Abstract 15855: Dysregulation of miR-26a Induced by Electrical Stimulation Promotes Cardiac Differentiation of Human iPS Cells
Background: Induced pluripotent stem cells (iPSCs) can efficiently form functional cardiomyocytes through embryoid body (EB) differentiation in the presence of specific signals. Recent studies have demonstrated that electrical stimulation (EleS) can enhance the efficiency of cardiac differentiation of human iPSCs. This study investigates the role of microRNAs (miRNAs) involved in EleS-induced cardiac differentiation.
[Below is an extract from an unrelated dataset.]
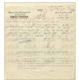
شكوى الشواف للبالوز

يرفضون ذلك ويقصد أن تجار السوق أيضاً امتنعوا عن صرف "النوط أبو ألف". وطلب التاجر الكويتي من "الباليوز" ما أسماه "تيسير مسألته". وردت المعتمدية على طلب التاجر بالإيجاب. وبأنها ستوجه البنك بذلك. ووقع الشواف رسالته في 23 أغسطس 1942. يشار إلى أن الشواف فتح محلات لتجارة المواد الغذائية المستوردة من البصرة والمحمرة وعبدان. وفتح محلاً في البحرين.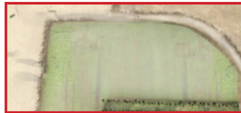
Remise en état agricole

Methods and results: iPSCs were induced to form EBs for 7 days, then treated with or without electrical stimulation (EleSEBs or non-EleSEBs) for 1 to 10 days(1-1.5V/1.8cm,with a biphasic square pulse (5ms) at 5 Hz frequency). Spontaneous beating EleSEBs were present at 2 days into treatment but did not appear in non-EleSEBs group until day 7. Expression of cardiac transcriptional factors GATA4 and MEF2c was also significantly increased in EleSEBs as determined by qPCR, Western Blot, and immunocytochemistry analysis. MicroRNA-sequencing analysis was then used to profile the potential miRNAs responsible for EleS-induced cardiomyocyte differentiation. miR-1, miR-26a, miR-133a, miR-208, let-7c, miR-499 were found to be dysregulated in EleSEBs. However, in this research miR-26a was determined as a key miRNA by targeting the PTEN ene, which plays a critical role in regulation of cardiac differentiation genes GATA4 and MEF2c. Expression of these cardiac genes in EleSEBs was also markedly increased by regulation of miR-26a. Current research is ongoing to determine molecular mechanism involved in EleS-induced cardiac differentiation.
Conclusion: miR-26a mediates up-regulation of crucial cardiac transcriptional factors GATA4 and MEF2c and promotes human iPS cell differentiation into cardiac progenitor cells by targeting PTEN gene.
Author Disclosures: L. Guo: None. L. Wang: None. R. Ma: None. H. Kondo: None. H. Kim: None. Y. Wang: None.
- © 2014 by American Heart Association, Inc.